◆ Data supplied:
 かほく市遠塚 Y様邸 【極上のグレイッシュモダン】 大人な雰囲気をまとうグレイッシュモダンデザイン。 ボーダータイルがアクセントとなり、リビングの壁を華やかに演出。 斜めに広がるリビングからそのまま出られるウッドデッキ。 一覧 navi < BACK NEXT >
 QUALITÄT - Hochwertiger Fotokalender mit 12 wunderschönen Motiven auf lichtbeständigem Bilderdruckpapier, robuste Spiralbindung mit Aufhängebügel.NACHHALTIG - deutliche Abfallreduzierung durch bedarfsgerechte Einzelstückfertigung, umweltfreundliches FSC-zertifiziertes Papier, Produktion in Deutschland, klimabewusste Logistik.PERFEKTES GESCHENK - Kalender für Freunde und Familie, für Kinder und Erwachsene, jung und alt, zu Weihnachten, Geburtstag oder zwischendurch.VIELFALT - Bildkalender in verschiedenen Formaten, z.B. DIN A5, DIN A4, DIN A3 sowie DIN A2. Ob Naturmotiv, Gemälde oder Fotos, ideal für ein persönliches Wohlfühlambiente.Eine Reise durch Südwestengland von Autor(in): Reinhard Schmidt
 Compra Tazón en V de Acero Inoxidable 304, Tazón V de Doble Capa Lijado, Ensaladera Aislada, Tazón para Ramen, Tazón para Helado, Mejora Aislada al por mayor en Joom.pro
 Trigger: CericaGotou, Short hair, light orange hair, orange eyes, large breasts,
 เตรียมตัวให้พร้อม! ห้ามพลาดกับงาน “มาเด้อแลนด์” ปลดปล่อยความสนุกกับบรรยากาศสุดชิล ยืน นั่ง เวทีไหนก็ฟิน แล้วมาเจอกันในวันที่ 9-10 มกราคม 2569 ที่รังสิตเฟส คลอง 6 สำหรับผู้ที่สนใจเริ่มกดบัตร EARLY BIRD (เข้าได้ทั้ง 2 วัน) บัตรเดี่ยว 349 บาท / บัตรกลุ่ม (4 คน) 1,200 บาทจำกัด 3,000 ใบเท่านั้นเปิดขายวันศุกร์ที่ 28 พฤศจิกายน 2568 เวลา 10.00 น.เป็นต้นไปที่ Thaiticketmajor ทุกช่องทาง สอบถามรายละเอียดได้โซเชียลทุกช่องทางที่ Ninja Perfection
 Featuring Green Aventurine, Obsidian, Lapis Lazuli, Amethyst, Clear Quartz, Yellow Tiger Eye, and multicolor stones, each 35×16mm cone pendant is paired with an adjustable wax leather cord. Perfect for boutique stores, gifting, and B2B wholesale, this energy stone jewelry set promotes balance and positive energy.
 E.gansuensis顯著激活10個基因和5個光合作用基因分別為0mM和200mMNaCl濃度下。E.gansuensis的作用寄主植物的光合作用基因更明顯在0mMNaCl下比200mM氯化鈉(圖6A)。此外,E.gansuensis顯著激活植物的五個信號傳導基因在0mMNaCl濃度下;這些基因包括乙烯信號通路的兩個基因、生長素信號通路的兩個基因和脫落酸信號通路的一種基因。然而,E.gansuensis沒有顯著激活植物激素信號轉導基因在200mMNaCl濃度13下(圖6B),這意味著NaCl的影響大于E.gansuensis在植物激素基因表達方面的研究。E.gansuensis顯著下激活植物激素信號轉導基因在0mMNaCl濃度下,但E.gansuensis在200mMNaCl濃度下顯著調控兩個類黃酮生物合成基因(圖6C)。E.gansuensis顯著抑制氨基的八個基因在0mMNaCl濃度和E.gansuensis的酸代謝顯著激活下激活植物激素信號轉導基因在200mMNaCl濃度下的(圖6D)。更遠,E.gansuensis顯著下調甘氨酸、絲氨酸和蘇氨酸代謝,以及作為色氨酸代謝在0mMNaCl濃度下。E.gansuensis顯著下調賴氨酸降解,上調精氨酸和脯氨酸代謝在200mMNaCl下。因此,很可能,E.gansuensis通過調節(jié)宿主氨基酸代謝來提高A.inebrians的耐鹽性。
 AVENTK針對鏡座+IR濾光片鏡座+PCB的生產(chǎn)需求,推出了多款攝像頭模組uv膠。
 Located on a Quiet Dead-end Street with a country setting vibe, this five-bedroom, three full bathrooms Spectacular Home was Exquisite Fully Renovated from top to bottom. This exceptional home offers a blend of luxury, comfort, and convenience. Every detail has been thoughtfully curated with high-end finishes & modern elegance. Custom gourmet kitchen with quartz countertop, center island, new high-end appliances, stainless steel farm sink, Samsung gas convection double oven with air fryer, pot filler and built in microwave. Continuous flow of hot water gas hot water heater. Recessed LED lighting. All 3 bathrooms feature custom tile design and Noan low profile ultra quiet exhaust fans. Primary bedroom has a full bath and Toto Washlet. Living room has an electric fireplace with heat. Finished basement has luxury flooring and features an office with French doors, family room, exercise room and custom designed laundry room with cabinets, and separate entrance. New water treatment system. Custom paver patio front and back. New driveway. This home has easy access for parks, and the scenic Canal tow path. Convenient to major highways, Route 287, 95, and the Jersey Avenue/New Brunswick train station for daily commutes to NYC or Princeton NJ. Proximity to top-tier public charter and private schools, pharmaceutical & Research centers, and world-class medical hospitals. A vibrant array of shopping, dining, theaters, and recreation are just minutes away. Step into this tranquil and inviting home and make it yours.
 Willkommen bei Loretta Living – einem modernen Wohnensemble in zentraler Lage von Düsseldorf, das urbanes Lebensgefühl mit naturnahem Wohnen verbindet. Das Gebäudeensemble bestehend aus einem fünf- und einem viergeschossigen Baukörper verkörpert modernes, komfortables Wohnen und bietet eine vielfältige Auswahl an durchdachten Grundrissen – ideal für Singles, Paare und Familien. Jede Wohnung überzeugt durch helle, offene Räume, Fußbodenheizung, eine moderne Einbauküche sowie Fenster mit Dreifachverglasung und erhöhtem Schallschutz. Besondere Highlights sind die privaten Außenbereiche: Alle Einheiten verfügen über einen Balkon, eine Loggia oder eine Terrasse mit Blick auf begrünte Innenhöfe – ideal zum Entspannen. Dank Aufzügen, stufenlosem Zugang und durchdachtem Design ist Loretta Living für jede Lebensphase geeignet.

◆ Task prompt: Every entry should be restated word for word.

◆ Your response:
 かほく市遠塚 Y様邸 【極上のグレイッシュモダン】 大人な雰囲気をまとうグレイッシュモダンデザイン。 ボーダータイルがアクセントとなり、リビングの壁を華やかに演出。 斜めに広がるリビングからそのまま出られるウッドデッキ。 一覧 navi < BACK NEXT >
 QUALITÄT - Hochwertiger Fotokalender mit 12 wunderschönen Motiven auf lichtbeständigem Bilderdruckpapier, robuste Spiralbindung mit Aufhängebügel.NACHHALTIG - deutliche Abfallreduzierung durch bedarfsgerechte Einzelstückfertigung, umweltfreundliches FSC-zertifiziertes Papier, Produktion in Deutschland, klimabewusste Logistik.PERFEKTES GESCHENK - Kalender für Freunde und Familie, für Kinder und Erwachsene, jung und alt, zu Weihnachten, Geburtstag oder zwischendurch.VIELFALT - Bildkalender in verschiedenen Formaten, z.B. DIN A5, DIN A4, DIN A3 sowie DIN A2. Ob Naturmotiv, Gemälde oder Fotos, ideal für ein persönliches Wohlfühlambiente.Eine Reise durch Südwestengland von Autor(in): Reinhard Schmidt
 Compra Tazón en V de Acero Inoxidable 304, Tazón V de Doble Capa Lijado, Ensaladera Aislada, Tazón para Ramen, Tazón para Helado, Mejora Aislada al por mayor en Joom.pro
 Trigger: CericaGotou, Short hair, light orange hair, orange eyes, large breasts,
 เตรียมตัวให้พร้อม! ห้ามพลาดกับงาน “มาเด้อแลนด์” ปลดปล่อยความสนุกกับบรรยากาศสุดชิล ยืน นั่ง เวทีไหนก็ฟิน แล้วมาเจอกันในวันที่ 9-10 มกราคม 2569 ที่รังสิตเฟส คลอง 6 สำหรับผู้ที่สนใจเริ่มกดบัตร EARLY BIRD (เข้าได้ทั้ง 2 วัน) บัตรเดี่ยว 349 บาท / บัตรกลุ่ม (4 คน) 1,200 บาทจำกัด 3,000 ใบเท่านั้นเปิดขายวันศุกร์ที่ 28 พฤศจิกายน 2568 เวลา 10.00 น.เป็นต้นไปที่ Thaiticketmajor ทุกช่องทาง สอบถามรายละเอียดได้โซเชียลทุกช่องทางที่ Ninja Perfection
 Featuring Green Aventurine, Obsidian, Lapis Lazuli, Amethyst, Clear Quartz, Yellow Tiger Eye, and multicolor stones, each 35×16mm cone pendant is paired with an adjustable wax leather cord. Perfect for boutique stores, gifting, and B2B wholesale, this energy stone jewelry set promotes balance and positive energy.
 E.gansuensis顯著激活10個基因和5個光合作用基因分別為0mM和200mMNaCl濃度下。E.gansuensis的作用寄主植物的光合作用基因更明顯在0mMNaCl下比200mM氯化鈉(圖6A)。此外,E.gansuensis顯著激活植物的五個信號傳導基因在0mMNaCl濃度下;這些基因包括乙烯信號通路的兩個基因、生長素信號通路的兩個基因和脫落酸信號通路的一種基因。然而,E.gansuensis沒有顯著激活植物激素信號轉導基因在200mMNaCl濃度13下(圖6B),這意味著NaCl的影響大于E.gansuensis在植物激素基因表達方面的研究。E.gansuensis顯著下激活植物激素信號轉導基因在0mMNaCl濃度下,但E.gansuensis在200mMNaCl濃度下顯著調控兩個類黃酮生物合成基因(圖6C)。E.gansuensis顯著抑制氨基的八個基因在0mMNaCl濃度和E.gansuensis的酸代謝顯著激活下激活植物激素信號轉導基因在200mMNaCl濃度下的(圖6D)。更遠,E.gansuensis顯著下調甘氨酸、絲氨酸和蘇氨酸代謝,以及作為色氨酸代謝在0mMNaCl濃度下。E.gansuensis顯著下調賴氨酸降解,上調精氨酸和脯氨酸代謝在200mMNaCl下。因此,很可能,E.gansuensis通過調節(jié)宿主氨基酸代謝來提高A.inebrians的耐鹽性。
 AVENTK針對鏡座+IR濾光片鏡座+PCB的生產(chǎn)需求,推出了多款攝像頭模組uv膠。
 Located on a Quiet Dead-end Street with a country setting vibe, this five-bedroom, three full bathrooms Spectacular Home was Exquisite Fully Renovated from top to bottom. This exceptional home offers a blend of luxury, comfort, and convenience. Every detail has been thoughtfully curated with high-end finishes & modern elegance. Custom gourmet kitchen with quartz countertop, center island, new high-end appliances, stainless steel farm sink, Samsung gas convection double oven with air fryer, pot filler and built in microwave. Continuous flow of hot water gas hot water heater. Recessed LED lighting. All 3 bathrooms feature custom tile design and Noan low profile ultra quiet exhaust fans. Primary bedroom has a full bath and Toto Washlet. Living room has an electric fireplace with heat. Finished basement has luxury flooring and features an office with French doors, family room, exercise room and custom designed laundry room with cabinets, and separate entrance. New water treatment system. Custom paver patio front and back. New driveway. This home has easy access for parks, and the scenic Canal tow path. Convenient to major highways, Route 287, 95, and the Jersey Avenue/New Brunswick train station for daily commutes to NYC or Princeton NJ. Proximity to top-tier public charter and private schools, pharmaceutical & Research centers, and world-class medical hospitals. A vibrant array of shopping, dining, theaters, and recreation are just minutes away. Step into this tranquil and inviting home and make it yours.
 Willkommen bei Loretta Living – einem modernen Wohnensemble in zentraler Lage von Düsseldorf, das urbanes Lebensgefühl mit naturnahem Wohnen verbindet. Das Gebäudeensemble bestehend aus einem fünf- und einem viergeschossigen Baukörper verkörpert modernes, komfortables Wohnen und bietet eine vielfältige Auswahl an durchdachten Grundrissen – ideal für Singles, Paare und Familien. Jede Wohnung überzeugt durch helle, offene Räume, Fußbodenheizung, eine moderne Einbauküche sowie Fenster mit Dreifachverglasung und erhöhtem Schallschutz. Besondere Highlights sind die privaten Außenbereiche: Alle Einheiten verfügen über einen Balkon, eine Loggia oder eine Terrasse mit Blick auf begrünte Innenhöfe – ideal zum Entspannen. Dank Aufzügen, stufenlosem Zugang und durchdachtem Design ist Loretta Living für jede Lebensphase geeignet.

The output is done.